## Work required
Of the records that follow, copy only the lines from the line containing "The KJ Simpson" to the line containing "Representantes de la", both included, exactly as written.

## The input

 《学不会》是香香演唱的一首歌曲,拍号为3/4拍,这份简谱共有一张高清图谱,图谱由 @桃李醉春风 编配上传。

...

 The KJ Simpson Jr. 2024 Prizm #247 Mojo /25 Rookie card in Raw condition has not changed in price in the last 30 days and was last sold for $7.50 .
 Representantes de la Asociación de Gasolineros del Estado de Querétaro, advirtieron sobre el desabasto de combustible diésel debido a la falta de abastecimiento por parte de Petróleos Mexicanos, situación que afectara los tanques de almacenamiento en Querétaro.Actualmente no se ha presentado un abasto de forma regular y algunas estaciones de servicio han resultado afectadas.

## Result
 The KJ Simpson Jr. 2024 Prizm #247 Mojo /25 Rookie card in Raw condition has not changed in price in the last 30 days and was last sold for $7.50 .
 Representantes de la Asociación de Gasolineros del Estado de Querétaro, advirtieron sobre el desabasto de combustible diésel debido a la falta de abastecimiento por parte de Petróleos Mexicanos, situación que afectara los tanques de almacenamiento en Querétaro.Actualmente no se ha presentado un abasto de forma regular y algunas estaciones de servicio han resultado afectadas.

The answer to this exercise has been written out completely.